Сержант мгновенно остолбенел, глазки его застыли, автомат с грохотом свалился на пол, он постоял еще несколько секунд, а затем колени подкосились, и он тяжело рухнул на ковер, упав на спину и раскинув руки в стороны. С виду он был похож на мертвого, но я знала, что он сейчас жив, все видит, слышит, но никому не может сказать о том, что испытывает жуткую боль во всех суставах, которые у него словно выворачивают раскаленными клещами. Так будет продолжаться бесконечно, но об этом никто не будет знать, кроме нас двоих. Он никому не сможет пожаловаться на свою боль и попросить обезболивающее, ибо у него парализованы все двигательные и речевые центры. Единственное, что у него будет работать, это сердце, из-за чего его будут считать живым и не похоронят, не подозревая о том, что смерть для него – самое желанное. А он будет смотреть на всех своими застывшими, ничего не выражающими глазами, слушать их сочувственные речи и каждое мгновение умирать от боли и безысходности, не в силах поведать окружающим о своих непрекращающихся страданиях. Я обрекла его на адовы муки.
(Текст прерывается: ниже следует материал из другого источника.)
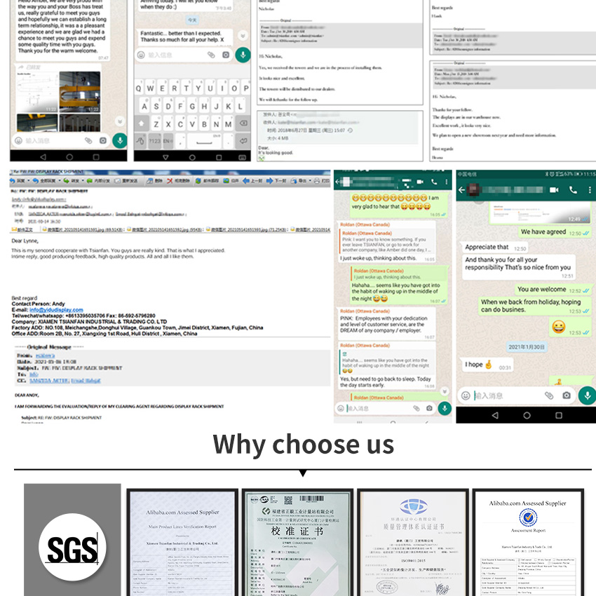 PaymentTT, trade assurance, etc.PackageCustomized metal floor standing display stands are packaged using bubble wrap, stretch film, sturdy export cartons and plywood crates.

Надеюсь, Акира простит меня за это, потому что я мстила не только за свою сестру, но и за всех, кто пострадал из-за таких вот продажных ничтожеств в погонах.
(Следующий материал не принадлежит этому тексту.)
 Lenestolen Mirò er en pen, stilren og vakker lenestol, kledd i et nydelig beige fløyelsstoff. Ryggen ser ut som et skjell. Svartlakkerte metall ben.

– Что это с ним? – удивленно воскликнул Алексей, подбегая к распростертому телу, и начал щупать пульс на толстой шее.
– Не знаю, – пожала я плечами. – Вы же видели, я до него даже не дотронулась. Стоял, стоял – и на тебе, упал.
– Похоже, он еще жив – пульс бьется. Вызовите «Скорую», Родион!
– Я бы ему лучше катафалк вызвал, – проворчал тот, поднимая трубку телефона. – Отдал нас за тридцать сребреников бандитам на растерзание, а я теперь должен ему врача вызывать…
На крыльце снова послышались шаги, мы повернули головы и увидели еще одного милиционера с автоматом. Тот вошел, увидел лежащего на полу коллегу, и глаза его испуганно округлились.
– Дима, что это с тобой? – он посмотрел на нас. – Что вы с ним сделали?
– Ничего мы с ним не делали – он сам упал и не шевелится, – спокойно пояснил Родион, а потом быстро заговорил в трубку. – Алло, «Скорая»? Срочно пришлите машину, тут милиционеру плохо стало. Не знаю, просто стоял, а потом упал. Сердце бьется, вроде дышит, но молчит, как убитый. Записывайте адрес…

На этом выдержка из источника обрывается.